The Appeal Panel considered that in order to determine whether the appellant had achieved maximum medical improvement, and, if so, what the degree of his permanent impairment is from his injury, it needed to examine the appellant to and Medical Assessor Home was appointed to conduct that task. His report to the Appeal Panel is as follows:
“APPELLANT: Roy John EDWARDS
MATTER NUMBER: M1-W22658/24
MEDICAL PANEL: Mr Marshall Douglas, Dr Drew Dixon, Alan Home
RESPONDENT: Optimise Energy Solutions Pty Ltd
DATE OF ACCIDENT: 28 January 2022
ASSESSMENT: 10 February 2025
Assessor: Panel member, Dr Alan Home
Mr Edwards attended the examination unaccompanied.
HISTORY
Mr Edwards states that he sustained injuries to his left upper limb whist employed as a lighting consultant for Optimise Energy Solutions. He tells me he was lifting a box containing old fittings on 28 January 2022. He recalls experiencing pain in his left shoulder and arm. He was subsequently seen by his general practitioner. He was referred for physical therapy.
He attended Dr Cass. A diagnosis of a ruptured distal biceps tendon was made.

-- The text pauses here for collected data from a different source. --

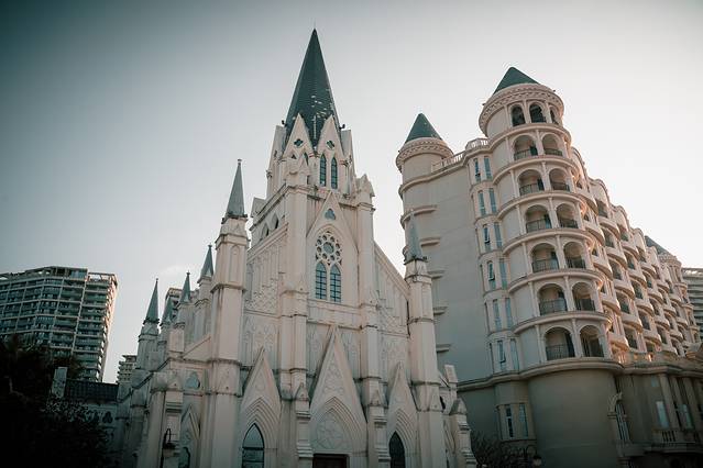 一栋栋欧式风情的建筑让人一秒穿越到了欧洲,哥特式教堂高高耸立,红色的巴士和电话亭是伦敦的味道。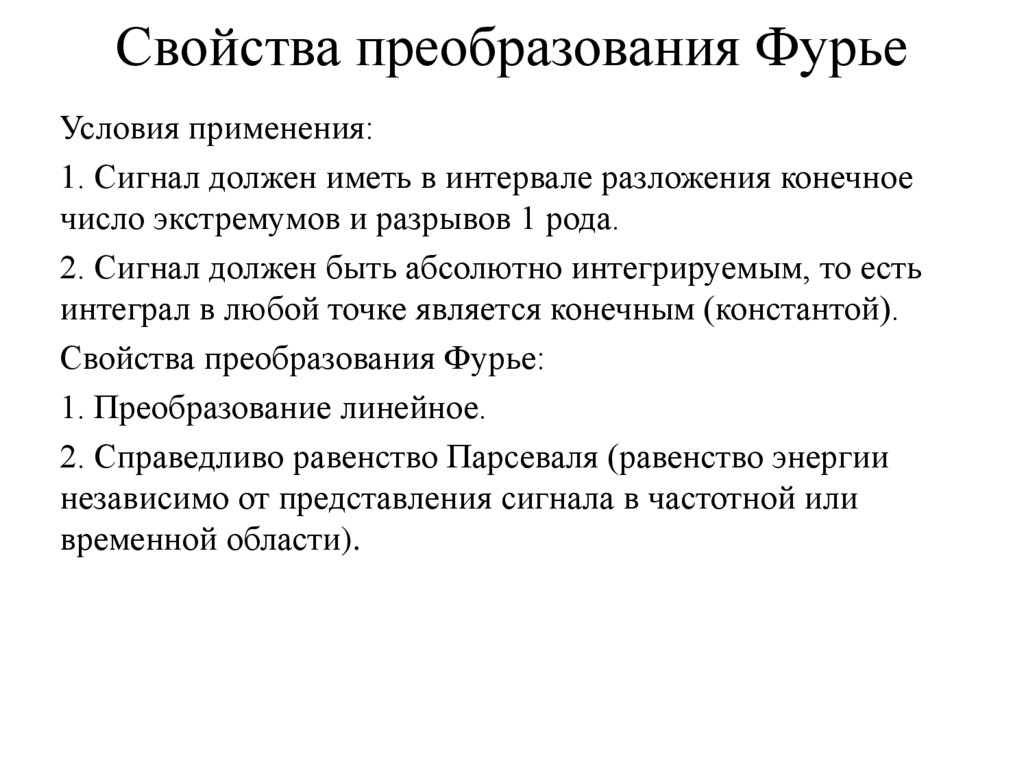 Свойства преобразования ФурьеУсловия применения: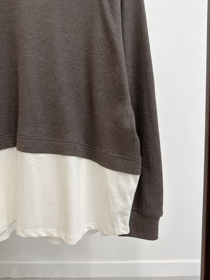 2510086 LA Waffle Hem Switching Top - Charcoal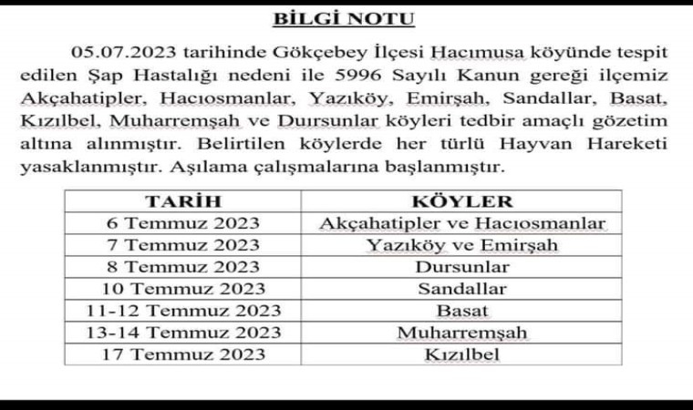 Zonguldak'ın Gökçebey ilçesinde, büyükbaş hayvanlarda şap hastalığının tespit edilmesi üzerine Çaycuma ilçesinde tedbir amaçlı aşılama çalışmaları başlatıldı. Hacımusa köyünde tespit edilen şap hastalığı nedeniyle 5996 sayılı kanun gereği Çaycuma ilçesinde bulunan Akçahatipler, Hacıosmanlar, Yazıköy, Emirşah, Sandallar, Basat, Kızılbel, Muharremşah ve Dursunlar köyleri olmak üzere toplam 9 köy gözetim altına alındı. Bu köylerde şu ana kadar şap hastalığına rastlanmamış olup, hayvan hareketleri geçici bir süreliğine yasaklanmıştır.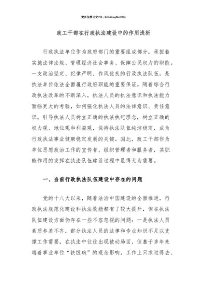 【七哥公文】2025年:【七哥公文】政工干部在行政执法建设中的作用浅析+更多免费公文+VX:QiGeGongWen2024+更多免费公文+VX:QiGeGongWen2024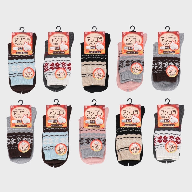 【バンドル】婦人『アンゴラTOUCH』柄クルー丈ソックス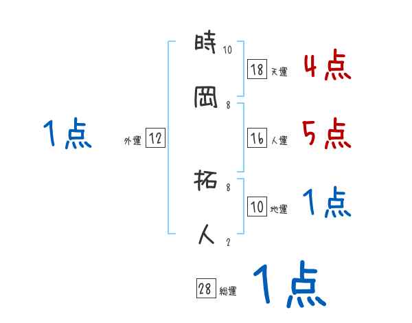 時岡拓人さんの画数の鑑定結果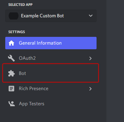 Besides the application, your application also needs a bot, click "Bot" in the sidebar and then "Add bot" at the right top.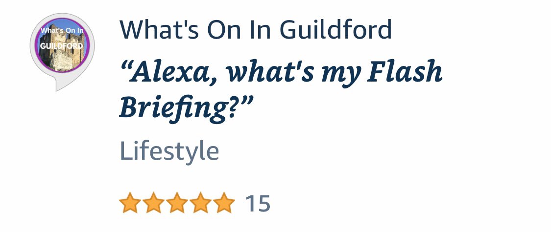 WHAT’S ON IN GUILDFORD - the daily events guide for #Surrey, which is the second highest-rated #flashbriefing in the UK charts.pic.twitter.com/aHNugsW3oB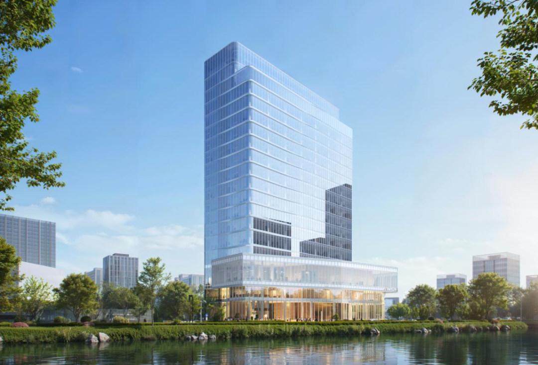 該項目主體塔樓沿江南大道橫向延展,通體采用簡約現(xiàn)代的玻璃幕墻與精密金屬構(gòu)架,形成富有科技感和未來感的城市形象界面。裙房沿場地向南側(cè)拓展,巧妙借景永久河自然風光,內(nèi)部設(shè)置試驗平臺、企業(yè)展廳等功能空間,進一步增強大樓休閑氛圍與社交活力。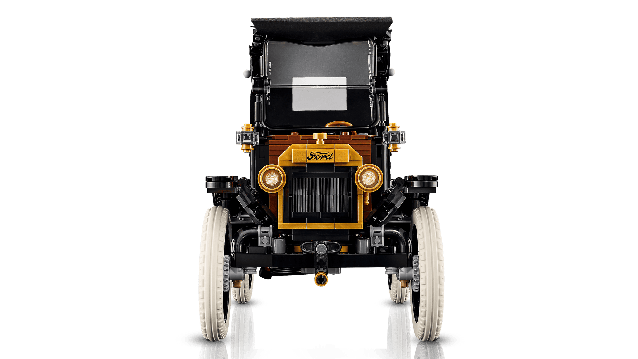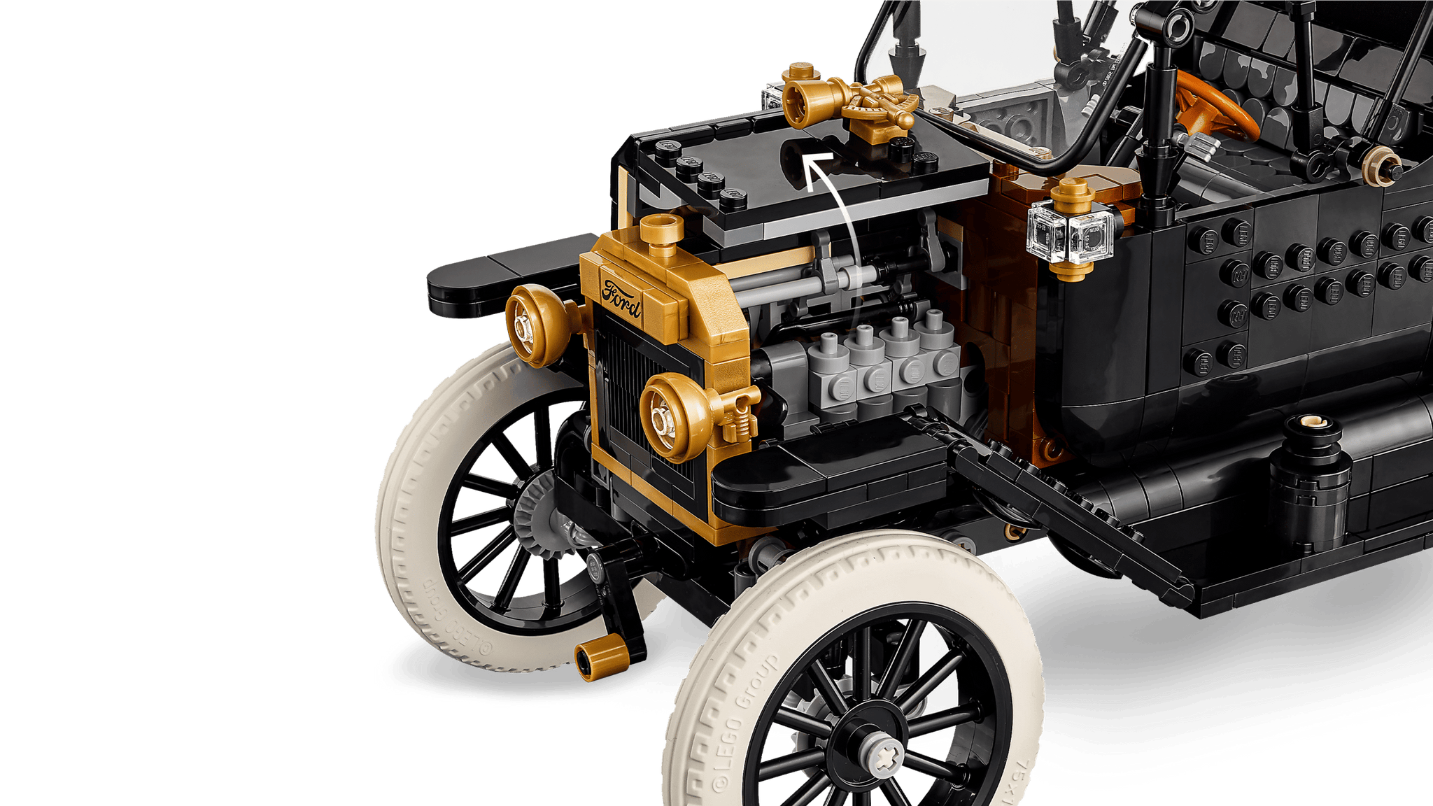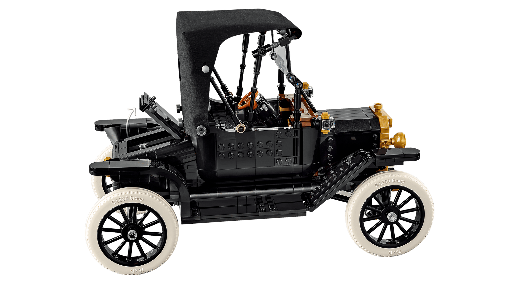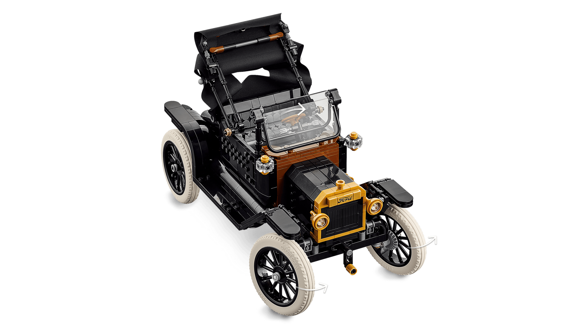 Celebra un capolavoro automobilistico con il kit LEGO® Icons Ford Model T (11376). Questo set per adulti ricrea fedelmente l'iconica auto del 1910 con dettagli straordinari: tetto in tessuto pieghevole, parabrezza e porta passeggeri apribili, bagagliaio funzionante e abitacolo intricato con sterzo mobile. Scopri il serbatoio sollevando il sedile, apri i pannelli del cofano per esplorare il motore e aziona la manovella per far girare la ventola. Con carrozzeria nera elegante, accenti dorati e cerchi a raggi con pneumatici bianchi in gomma, questo modello vintage è il pezzo da collezione perfetto per chi ama l'automobilismo classico. Un'opera d'arte da esporre con orgoglio.

Mr Edwards confirms that he underwent a left biceps reconstruction using Allograft in October 2023 under the care of Dr Cass. He reports that he made a good recovery from his left elbow surgery, but was left with residual stiffness at his left shoulder.
During his recovery, his left arm was treated in a sling for a total of three months, during which time he developed pain in his right shoulder. He attributed this to preferential use of his right arm for activities of daily living.
Subsequently, he attended his doctor in relation to his right shoulder condition. He underwent corticosteroid injections on two occasions. Imaging of the right shoulder, performed in August 2022 demonstrated marked degenerative changes with narrowing of the glenohumeral joint. Ultrasound examination of the right shoulder demonstrated supraspinatus tendinitis and bursal thickening. Repeat x-rays of the right shoulder were performed on 7 February 2023.
Mr Edwards confirms that Dr Cass recommended a right total shoulder replacement. That surgery was performed on 2 March 2023. He was subsequently treated in a sling for six weeks.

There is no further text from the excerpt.